EXERCISE AIM: Where an image appears in the data, omit it and reproduce the rest exactly.

COLLECTED DATA:
%%

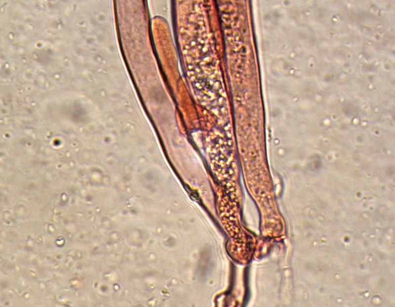Archivio Micologico Inviato 4 Aprile 2016 Autore Inviato 4 Aprile 2016 Helvella crispa (Scop. : Fr.) Fr.; Regione Lombardia; Novembre 2012; Foto e microscopia di Massimo Biraghi. Pianura Bergamasca, Osio Sotto, Giardino privato. MicroscopiaPalizzata di aschi e parafisi. Base aschi. Spore.N° Long. Larg. Q Moy 19,87 12,52 1,59Min 18,11 11,58 1,42Max 21,69 13,62 1,74média 19,77 12,54 1,58Lxl: N= 24 ; dMd; (18,11)18,35-19,595-21,33(21,69) x (11,58)11,72-12,4666666666667-13,24(13,62)Qm= 1,59 Excipulum medullare. Excipulum medullare inferiore ed ectale.
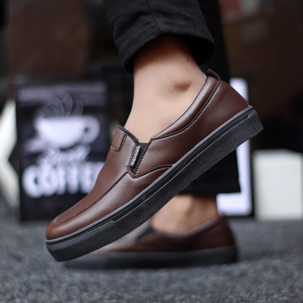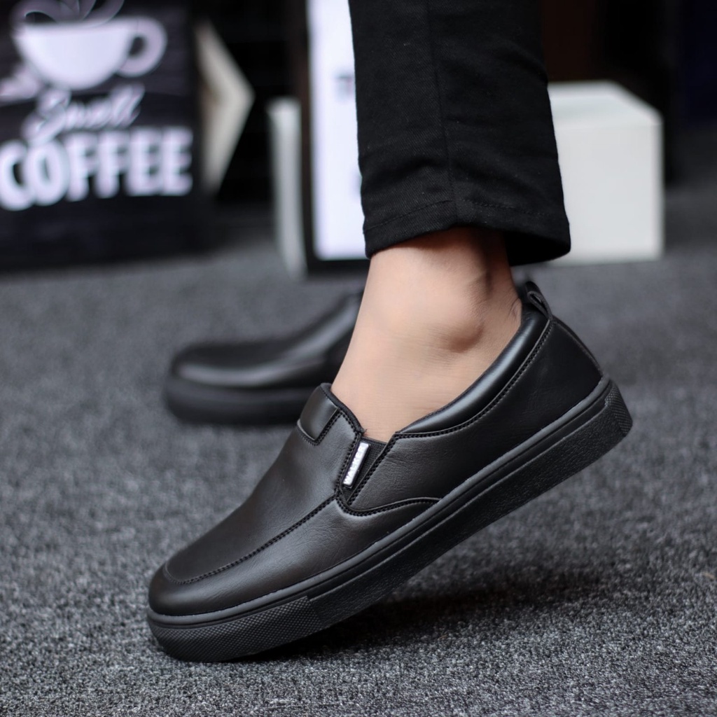 MOLK sepatu formal pria hitam pantofel casual kerja kantor kuliah kulit sintetik
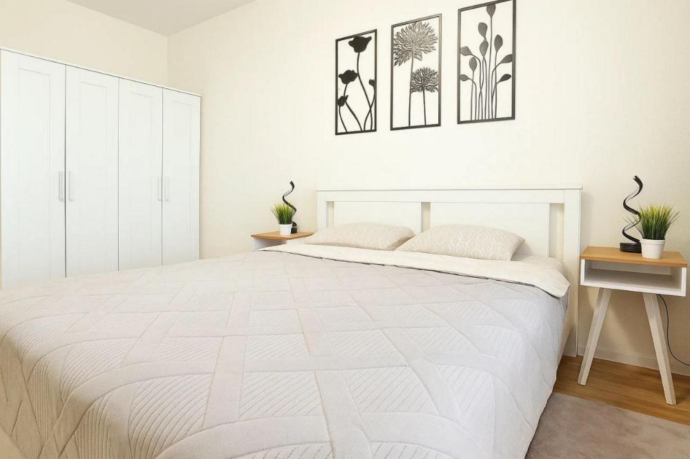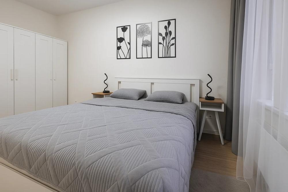 Доступно размещение до четырёх человек (одна двуспальная кровать и один раскладной диван). Чистое постельное бельё (по одному двуспальному комплекту на кровать) входит в стоимость проживания.
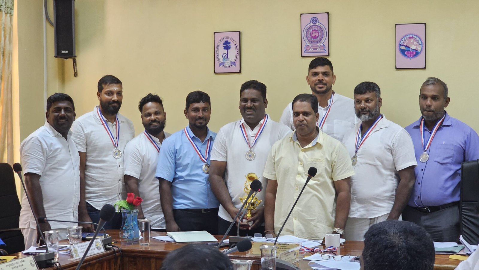 இதன்போது குறித்த அமர்வின்போது, கயிறு இழுத்தல் போட்டியில் பங்குபற்றிய உறுப்பினர்களிடம் வெற்றிக் கிண்ணத்தை கையளித்து, அவர்களுக்கான பதக்கங்களை அணிவித்து மானிப்பாய் பிரதேச சபையின் தவிசாளர் ஜெசீதன் கௌரவித்தார்.

%%

SOLUTION TO THE EXERCISE:
Archivio Micologico Inviato 4 Aprile 2016 Autore Inviato 4 Aprile 2016 Helvella crispa (Scop. : Fr.) Fr.; Regione Lombardia; Novembre 2012; Foto e microscopia di Massimo Biraghi. Pianura Bergamasca, Osio Sotto, Giardino privato. MicroscopiaPalizzata di aschi e parafisi. Base aschi. Spore.N° Long. Larg. Q Moy 19,87 12,52 1,59Min 18,11 11,58 1,42Max 21,69 13,62 1,74média 19,77 12,54 1,58Lxl: N= 24 ; dMd; (18,11)18,35-19,595-21,33(21,69) x (11,58)11,72-12,4666666666667-13,24(13,62)Qm= 1,59 Excipulum medullare. Excipulum medullare inferiore ed ectale.
 MOLK sepatu formal pria hitam pantofel casual kerja kantor kuliah kulit sintetik
 Доступно размещение до четырёх человек (одна двуспальная кровать и один раскладной диван). Чистое постельное бельё (по одному двуспальному комплекту на кровать) входит в стоимость проживания.
 இதன்போது குறித்த அமர்வின்போது, கயிறு இழுத்தல் போட்டியில் பங்குபற்றிய உறுப்பினர்களிடம் வெற்றிக் கிண்ணத்தை கையளித்து, அவர்களுக்கான பதக்கங்களை அணிவித்து மானிப்பாய் பிரதேச சபையின் தவிசாளர் ஜெசீதன் கௌரவித்தார்.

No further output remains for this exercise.